As the property graph database space has matured over the last few years, it has largely been dominated by a handful of names who on balance are not that big in the software marketplace generally speaking. Those of you that follow the property graph or NoSQL space have surely heard of Neo4j and DataStax but they are not widely known outside our community. That has now changed with the addition of graph support in Microsoft’s Cosmos DB.
Cosmos DB is a multi-model database and while there are plenty of good use cases and needs for MongoDB or DocumentDB, we are the graph people so this blog will focus on the graph functionality of Cosmos DB.
We were fortunate to have a .NET client that wanted us to explore the new Cosmos DB option. They were seasoned and savvy enough to know that early product releases tend to be just that, um, early. They are broadly committed to Microsoft technology and needed a graph engine to satisfy a specific graph use case. Frankly speaking, they needed to know if Cosmos DB was ready, and if not, how far away is it.
Cosmos DB support of Gremlin is not complete at this point however it is evolving quickly. Moreover they have a “private preview” feature where we were able to access features that were in the later stages of their development pipeline but not yet released. From both a graph and product ideation standpoint, it was exciting to work with the Microsoft product management and development people to help them refine and perfect their offering.
For our project, we only ran into one Gremlin feature that we needed (.hasNot()) that was only available in preview mode but we were easily able to achieve the same functionality by rewriting the query logic a bit.
We were able to work with all the basic CRUD features in Gremlin and satisfy simple traversals. Our client’s project was a reasonably straight forward network analysis type use case. Our most common use case was of the sort “given a device, find all the devices connected to it (basic first neighbor)” - essentially simply walking a graph a known number of hops.
We discovered that the performance of the loader was not particularly good, but in our later work we realized that the mechanisms that we borrowed from the sample code were really not suited to large bulk uploads. The loader essentially built a remote connection and tore it down for each statement, for example. In retrospect, for production work, it would make more sense to run the loader in Azure and supply it with Gremlin to execute.

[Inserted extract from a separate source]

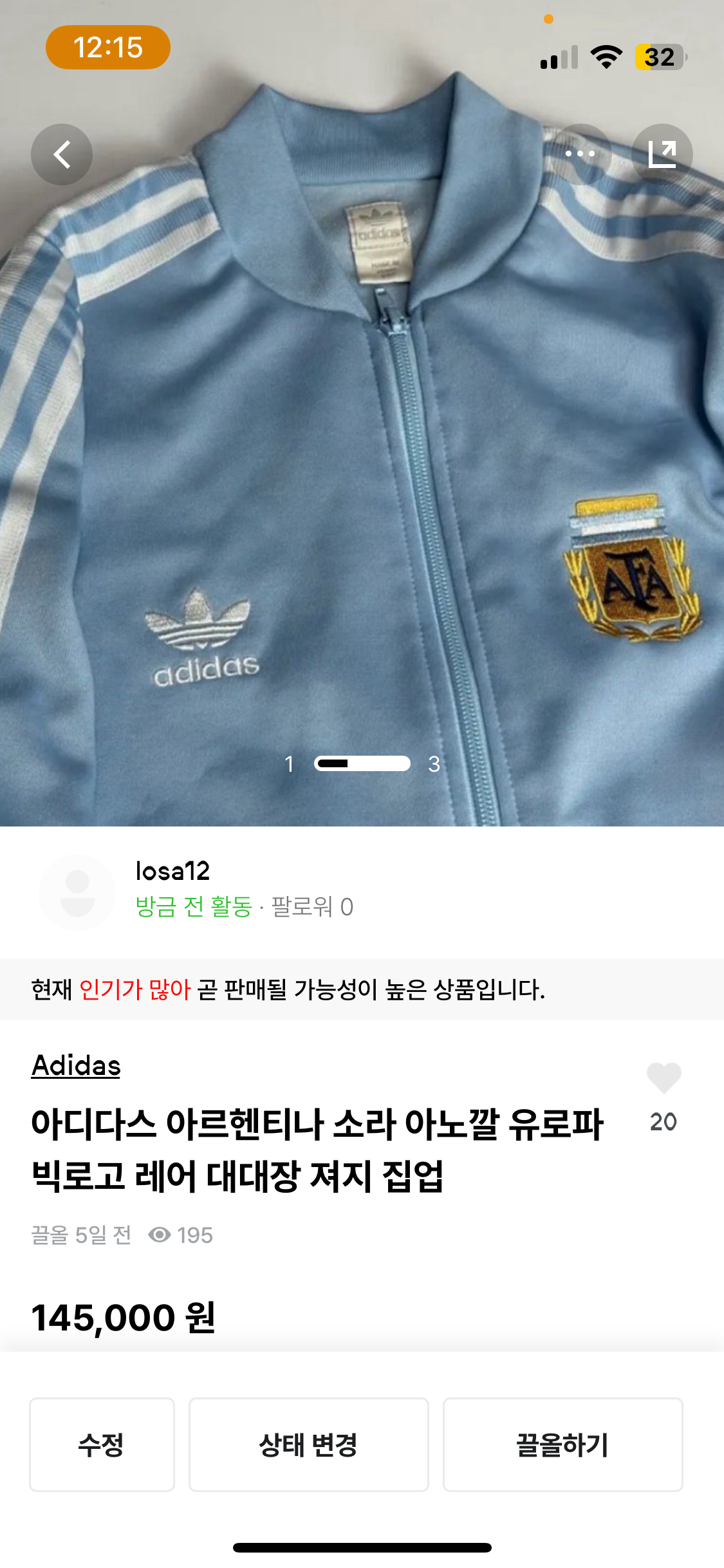 아디다스 아르헨티나 소라 대대장 저지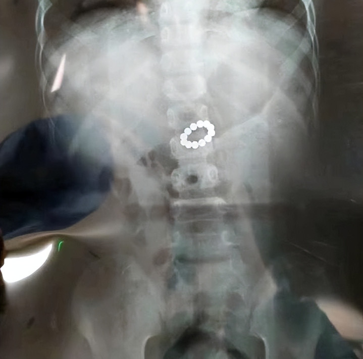因为孩子吞了几颗这些磁力珠,就会在孩子的肠道互相吸引,夹在肠壁组织导致缺血穿孔,甚至会危及生命。

While the Gremlin support is quickly coming together, where you really see Cosmos shine is because it’s part of the larger MS Azure/Studio ecosystem.
It turns out that building a service (really a service plus website, as we will see) is ridiculously simple.
They give you a url and a package of settings that you can import into Visual Studio to set up the publishing interface. Then all you do is build your application in the conventional way and hit “Publish”. It just works.
CosmosDB provides a tool to execute arbitrary Gremlin against a graph and view the results, either as JSON or as a live graphical view. Using this tool, you can both explore the graph and test Gremlin to be used in the API.
The parts of the environment that you’d expect for a mature development ecosystem are there and work flawlessly. This presents an interesting juxtaposition in the marketplace. Some graph vendors have more mature backends and are trying to mature the tools. Microsoft’s offering is the inverse at the present moment. While the core storage layer appears to be ahead of the game when it comes to tunable ACID and data distribution behavior, the graph layer is young.
There are some items to note around the .NET platform for development. All the sample code (including code generated by others such as Swagger.io) targets the newer ASP.NET Core foundation. Traditionally, Expero has used the .NET Framework because there are many useful nuget and other packages that work with .NET Framework but not ASP.NET Core. While we expect these issues to be resolved as the offering matures, special care should be taken to your broader toolset to ensure system wide tool and framework compatibility.